Recursion is a common mathematical and programming concept where a function calls itself.

In Python, a function is said to be recursive if it can call itself.

def func(n):
	return func(n-1)

Recursive functions can make the code look clean and elegant, and they can break down complex tasks into simpler sub-problems. However, they can also be hard to follow and debug, and they can be inefficient as they take up a lot of memory and time.
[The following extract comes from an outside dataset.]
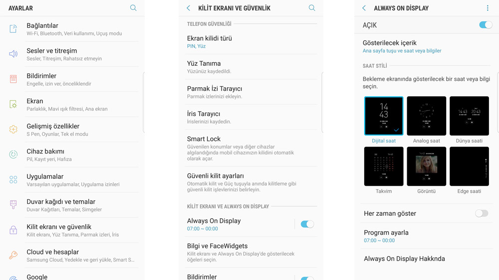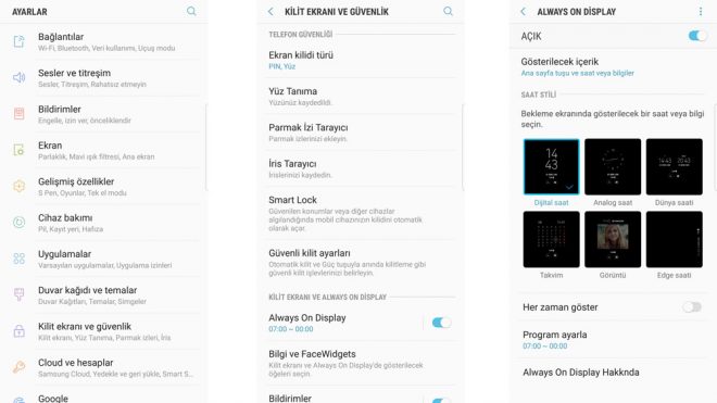 Ancak tema içinde de bazı şeyleri ayrıca kişiselleştirmek mümkün. Mesela Always On Display’in görünümünü değiştirebilirsiniz. Ayarlar > Kilit ekranı ve güvenlik > Always On Display seçeneğine girdiğinizde karşınıza 6 farklı seçenek çıkıyor. Buradan her zaman açık ekranınızı en ideal şekilde düzenlemeniz mümkün.

Every recursive function must have a base condition that stops the recursion, or else the function calls itself infinitely1. The Python interpreter limits the depths of recursion to help avoid infinite recursions, resulting in stack overflows1. By default, the maximum depth of recursion is 1000. If the limit is crossed, it results in a RecursionError.

def func(n):
    if n == 1:
        return 1
    else:
        return func(n-1)

Examples:

def countup(n):
    if n == 0:
        pass
    else:
        countup(n-1)
        print(n)
countup(5)
1
2
3
4
5
def factorial(n):
    if n == 1:
        return 1
    else:
        return n * factorial(n-1)
factorial(5)
120
def fibonacci(n):
    if n == 0:
        return 0
    elif n == 1:
        return 1
    else:
        return fibonacci(n-1) + fibonacci(n-2)
fibonacci(5)
5

Recursive data types

A recursive data type is a data type for values that may contain other values of the same type. Data of recursive types are usually viewed as directed graphs.

Binary tree

An example of a recursive data type is a binary tree. A binary tree is a tree-like data structure where each node has at most two children, referred to as the left child and the right child. For each node, the left child’s key must be less than the node’s key, and the right child’s key must be greater than the node’s key.

Example:

class Node:
    def __init__(self, data):
        self.left = None
        self.right = None
        self.data = data

    def insert(self, data):
        if self.data:
            if data < self.data:
                if self.left is None:
                    self.left = Node(data)
                else:
                    self.left.insert(data)
            elif data > self.data:
                if self.right is None:
                    self.right = Node(data)
                else:
                    self.right.insert(data)
        else:
            self.data = data

    def print_tree(self):
        if self.left:
            self.left.print_tree()
        print(self.data),
        if self.right:
            self.right.print_tree()

root = Node(12)
root.insert(6)
root.insert(15)
root.insert(1)
root.insert(21)
root.insert(3)

root.print_tree()
1
3
6
12
15
21

There are some types of binary tree:

  • Full Binary Tree: A full binary tree is a special type of binary tree in which every parent node/internal node has either two or no children. It is also known as a proper binary tree.
  • Degenerate Tree: A degenerate or pathological tree is a tree having a single child either left or right. Such trees are performance-wise the same as linked lists.
  • Skewed Binary Tree: A skewed binary tree is a pathological/degenerate tree in which the tree is either dominated by the left nodes or the right nodes. Thus, there are two types of skewed binary trees: left-skewed binary trees and right-skewed binary trees.
  • Complete Binary Tree: A Binary Tree is a Complete Binary Tree if all the levels are completely filled except possibly the last level and the last level has all keys as left as possible. A complete binary tree is just like a full binary tree, but with two major differences: Every level except the last level must be completely filled. All the leaf elements must lean towards the left.
  • Perfect Binary Tree: A Binary tree is a Perfect Binary Tree in which all the internal nodes have two children and all leaf nodes are at the same level. The number of leaf nodes is the number of internal nodes plus 1.
  • Balanced Binary Tree: A balanced binary tree, also known as a height-balanced binary tree, is defined to be a binary tree in which the height of the left and right subtree of any node differ by not more than 1.

Searching

Searching in Python is a fundamental operation that involves finding a specific value or a set of values that match a condition from a collection of items such as a list, an array, or a set.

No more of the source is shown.